The Trump media company watched by regulators; appoints Nunes CEO | national news

NEW YORK (AP) – Regulators are studying the deal that would take Donald Trump’s new social media company to the stock market, a deal that has drawn both legions of fans of the former president and those looking to make a quick profit.

The company in partnership with Trump Media & Technology Group acknowledged the inquiries in a filing it filed with regulators on Monday. He also gave a financial forecast for the company, which wants to compete with Twitter and other platforms that banned Trump after the Jan.6 Capitol riots, as well as Netflix and other streaming video services. He said over the weekend that he had lined up $ 1 billion in investments with a group of anonymous institutional investors.

Separately, Trump Media announced that Rep. Devin Nunes, a Republican from California, will step down from Congress to become the company’s chief executive in January. Nunes, the former chairman of the House Intelligence Committee, has been a staunch supporter of Trump during inquiries into Russian interference in the 2016 election and the president’s impeachment in 2019 by the Democratic-led House.

Regulatory review focuses on Trump’s media firm’s October announcement of its merger with Digital World Acquisition Corp. The company had been launched on the US stock market three weeks earlier for the sole purpose of finding a private company to buy. It is often referred to by its trade symbol “DWAC”.

The DWAC said Monday it was cooperating with “preliminary fact-finding investigations” conducted by the Securities and Exchange Commission and the Financial Industry Regulatory Authority.
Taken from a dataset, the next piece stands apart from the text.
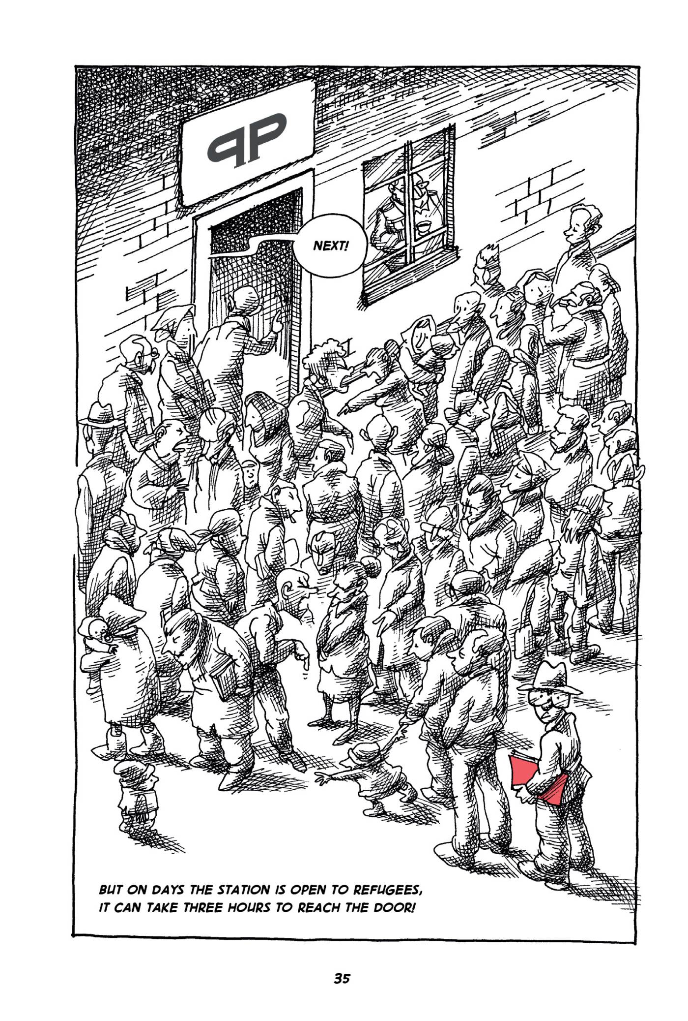 Captions: But on days the station is open to refugees, it can take three hours to reach the door! (A crowd waits; the man in glasses from the first picture is at the very end of the line.) From behind the door, an unseen voice shouts "Next!"

Early last month, the SEC requested documents relating to DWAC board meetings and communications between DWAC and Trump’s media company, among others. According to DWAC, the SEC’s request stated that “the commission’s investigation does not mean that the SEC has concluded that someone has broken the law or that the SEC has a negative opinion of DWAC or any person. or security “.

The SEC could look into whether DWAC and Trump’s company had conversations about a deal ahead of DWAC’s first public offering of shares, said Jay Ritter, a University of Florida professor and IPO expert.

Under the rules that apply to these blank check companies, known as Special Purpose Acquisition Companies, or SPACs, they are not expected to align acquisition targets before selling their own shares. On November 17, Senator Elizabeth Warren wrote a letter to SEC Chairman Gary Gensler asking if the agency was investigating whether DWAC had broken the law by holding such talks and deceiving potential investors into not telling them. not informing before its IPO.

When asked how worried he would be about the SEC investigation if he was at the front desk, Ritter replied, “It depends on what I knew. It could be harmless or pro forma, or it could be really serious. “

What regulators are probing is unclear. In addition, the regulatory rules on SPAC discussions with targets are gray, only prohibiting “substantive” discussions with possible acquisition targets.

Yet the Trump deal turned out to be unusual in many ways even before a New York Times report from Oct. 29 said that DWAC CEO Patrick Orlando had met with Trump and his officials before going public with the report. DWAC. Blank check companies typically buy businesses with employees, customers, and track records, which is not the case with the Trump deal. Several PSPAC experts also said the three weeks it took DWAC to find and close a deal with TMTG was unusually quick.

DWAC and TMTG did not respond to requests for comment on Monday.

An SEC spokesperson declined to comment beyond saying, “The SEC does not comment on the existence or non-existence of a possible investigation.”

Separately, the Financial Industry Regulatory Authority, or FINRA, requested a review of trading in DWAC shares in late October and early November ahead of the announcement of the October 20 merger deal. This could be an indication of an insider trading research, Ritter said, although it is notoriously difficult to prove.

The announcement of the merger took DWAC shares from $ 9.96 to $ 94.20 in just two days, as Trump supporters and money-seeking investors quickly piled up. The shares have since fallen back to around $ 44.

Such a high price indicates high expectations for Trump’s media business among at least some investors. In its filing with regulators, DWAC also gave some financial forecast for the company, which has yet to launch but wants to build a “non-cancellable” global community.

The presentation included forecasts that the company’s TRUTH social service could have 81 million users by 2026, nearly 7 million more people than those who voted for Trump in the last US presidential election. .

SPACs are generally known to give very optimistic predictions about their future growth in investor presentations.

In five years, TMTG is expected to generate nearly $ 3.7 billion in revenue, according to the filing. That’s more than the annual revenue of retailer Restoration Hardware, VR maker Winnebago Industries and entertainment giant iHeart Media, which owns more than 800 radio stations.

For its TMTG + video service which will deliver “non-awakened” entertainment and news, it says the monthly fee per user could be $ 9 in 2026. Netflix, by comparison, got $ 14.49 in average revenue from its members. Americans and Canadians in the first nine months of this year.

The presentation also lists the names of 30 key employees, including its CTO, but only gives their first names and initials. The company has yet to provide many other details on how it will operate, other than that Trump is its president.

DWAC stock opened with a slight gain on Monday before closing 2.6% lower at $ 43.81.